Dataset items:
++++
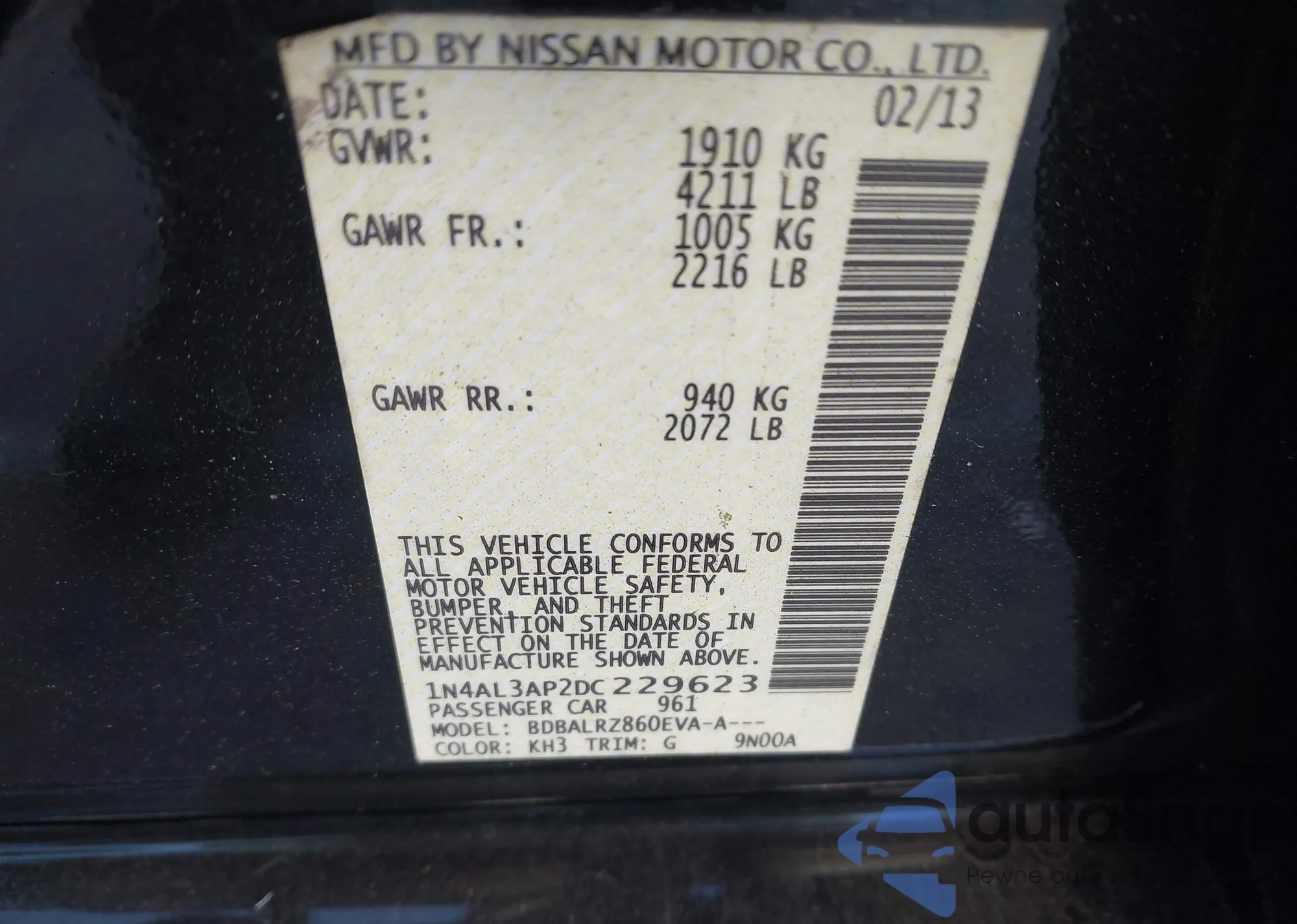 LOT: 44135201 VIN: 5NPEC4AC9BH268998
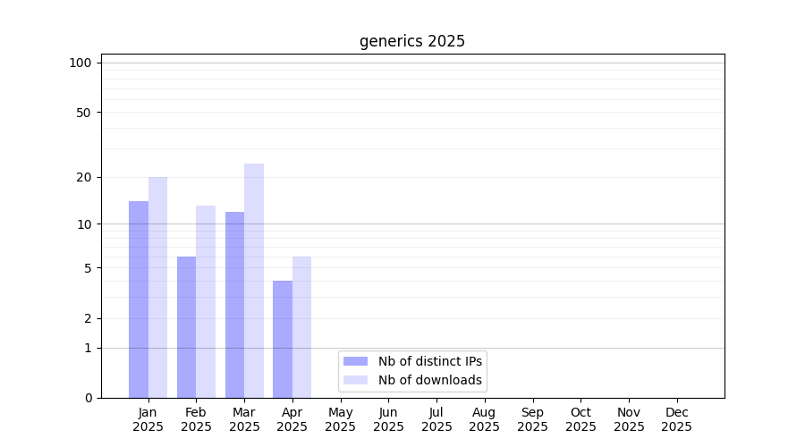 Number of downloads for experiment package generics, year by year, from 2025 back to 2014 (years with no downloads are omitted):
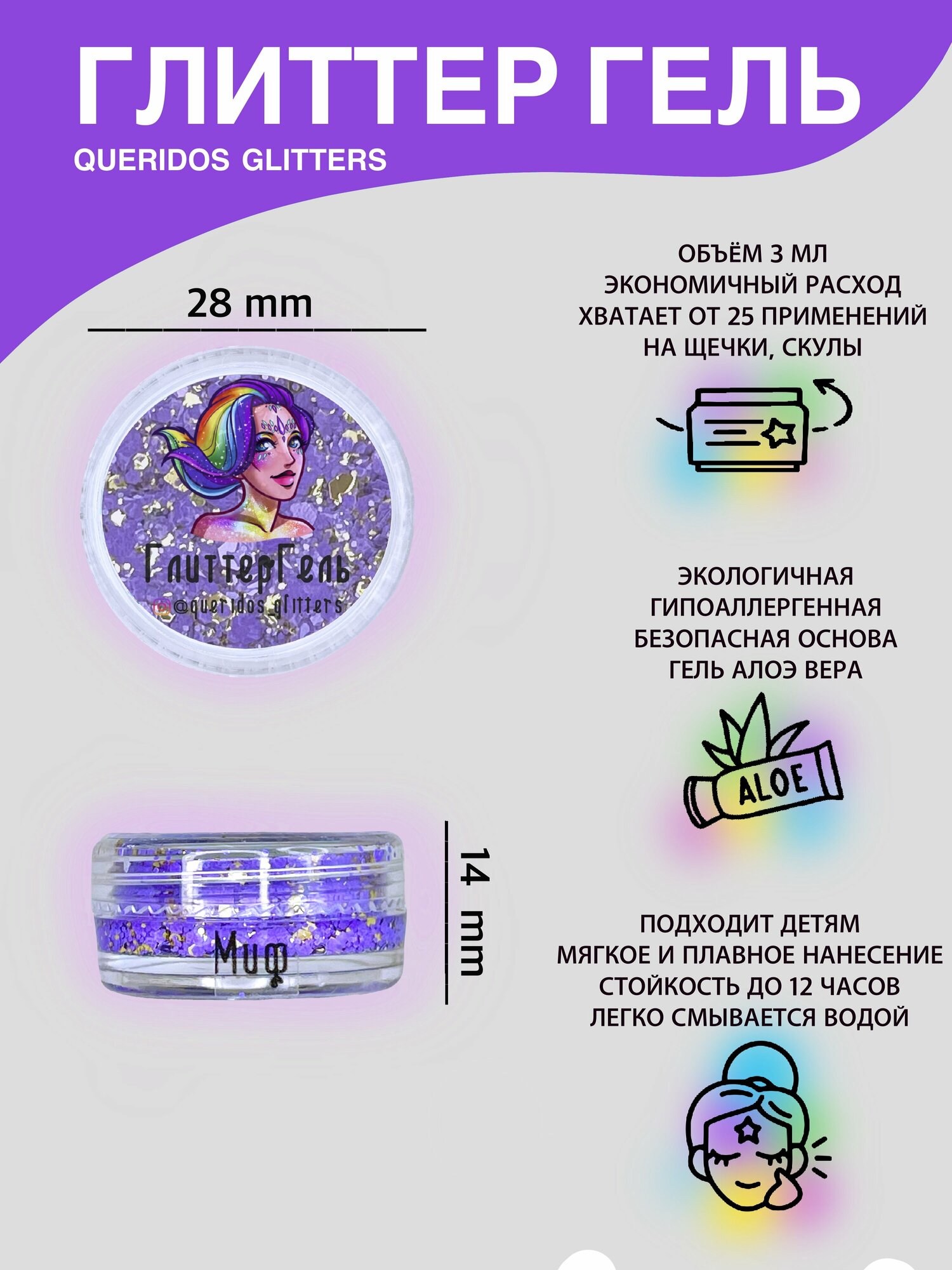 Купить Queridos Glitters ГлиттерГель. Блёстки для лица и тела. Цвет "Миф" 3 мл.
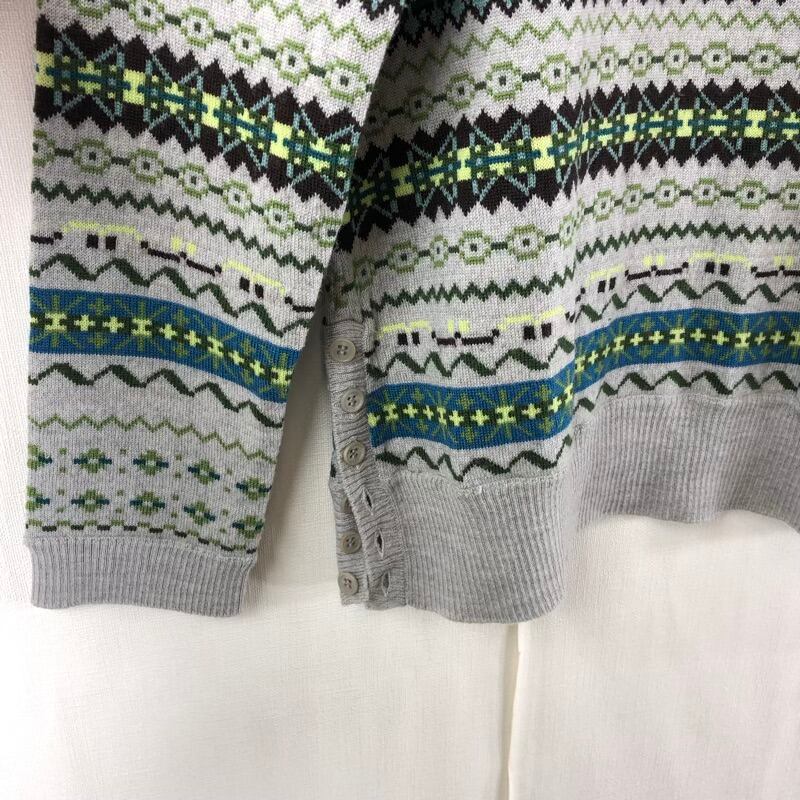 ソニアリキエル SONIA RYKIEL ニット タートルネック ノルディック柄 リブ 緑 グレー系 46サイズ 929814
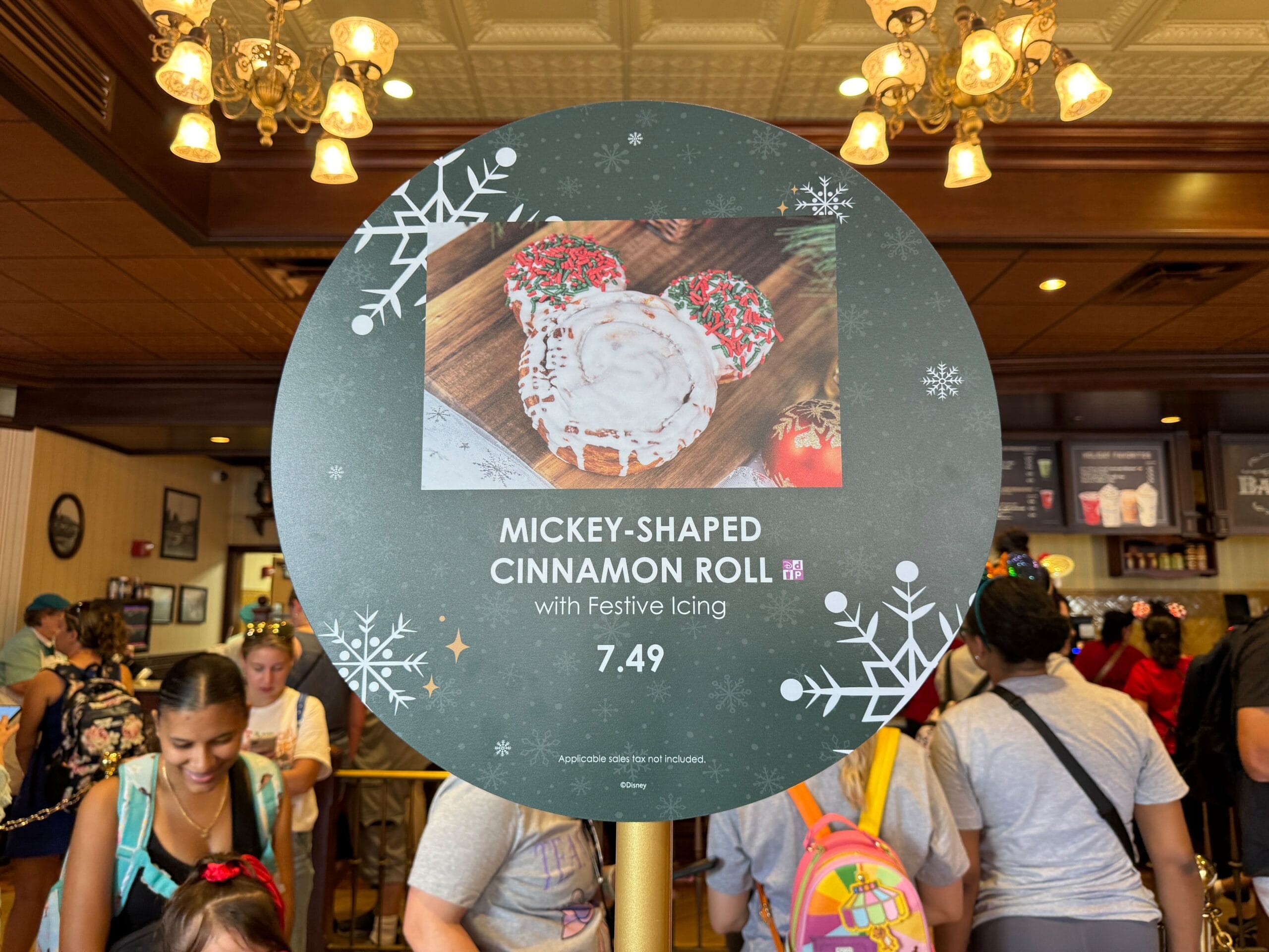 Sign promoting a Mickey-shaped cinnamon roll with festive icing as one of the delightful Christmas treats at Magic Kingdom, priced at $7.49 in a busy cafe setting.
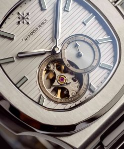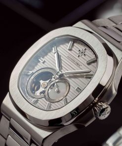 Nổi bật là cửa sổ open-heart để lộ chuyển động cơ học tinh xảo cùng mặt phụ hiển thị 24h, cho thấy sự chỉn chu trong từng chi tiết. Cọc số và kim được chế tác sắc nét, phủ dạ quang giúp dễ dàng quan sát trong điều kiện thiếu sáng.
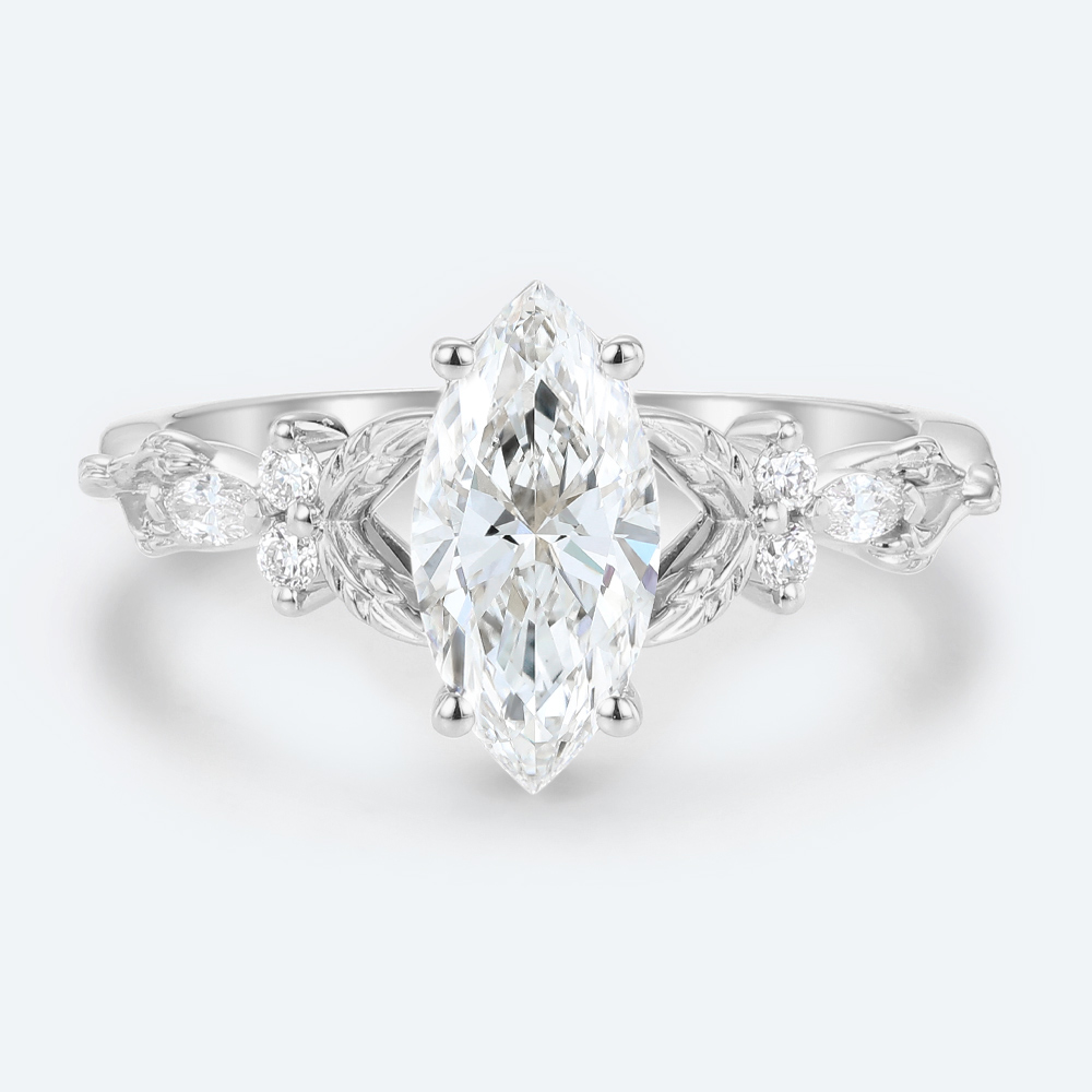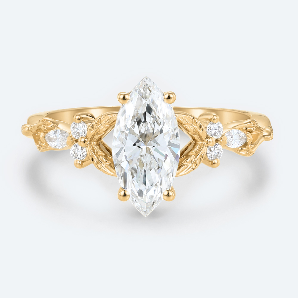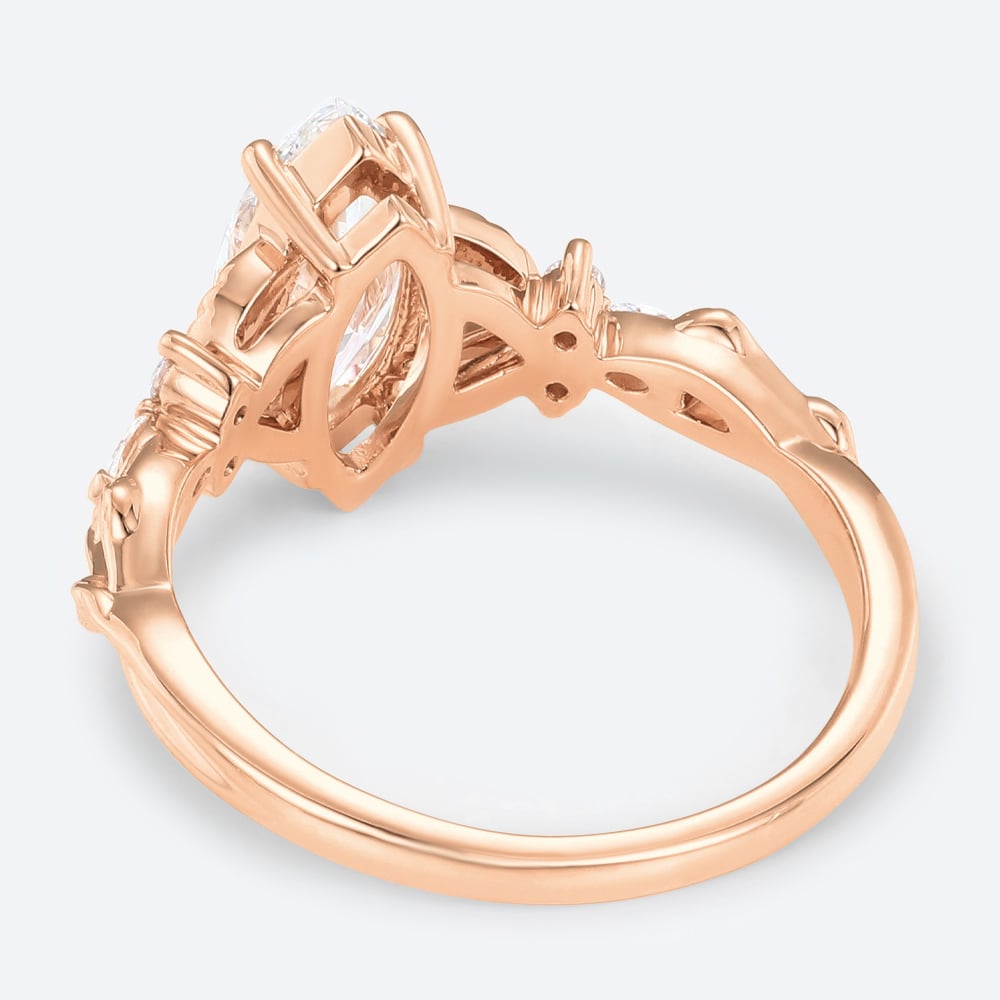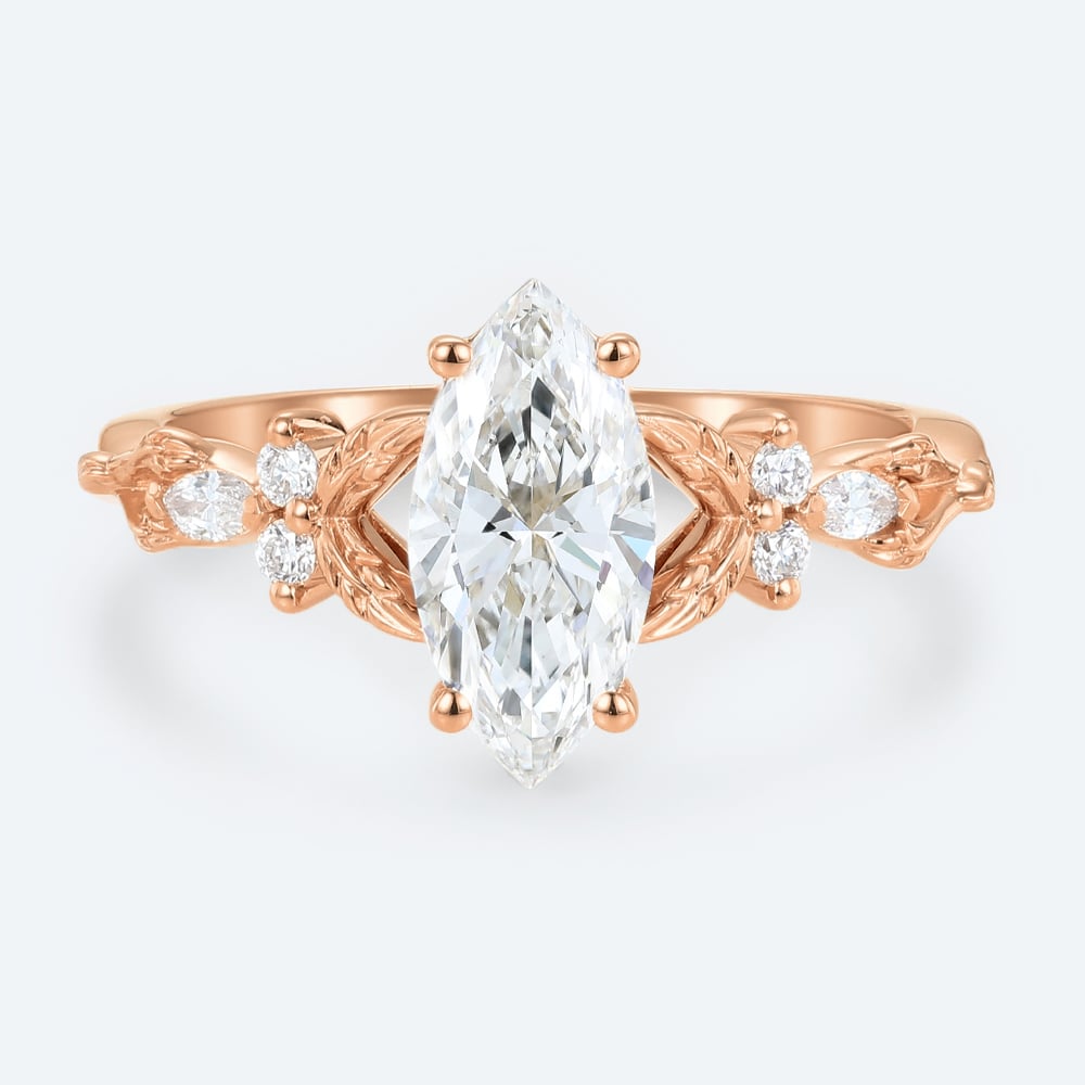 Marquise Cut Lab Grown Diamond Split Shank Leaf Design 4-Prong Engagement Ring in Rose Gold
++++
[How to complete this task] Give back exactly the lines above from the one with "Number of downloads" through the one with "ソニアリキエル SONIA RYKIEL", both included. Pictures don't belong in the copy.

[Answer space]
 Number of downloads for experiment package generics, year by year, from 2025 back to 2014 (years with no downloads are omitted):
 Купить Queridos Glitters ГлиттерГель. Блёстки для лица и тела. Цвет "Миф" 3 мл.
 ソニアリキエル SONIA RYKIEL ニット タートルネック ノルディック柄 リブ 緑 グレー系 46サイズ 929814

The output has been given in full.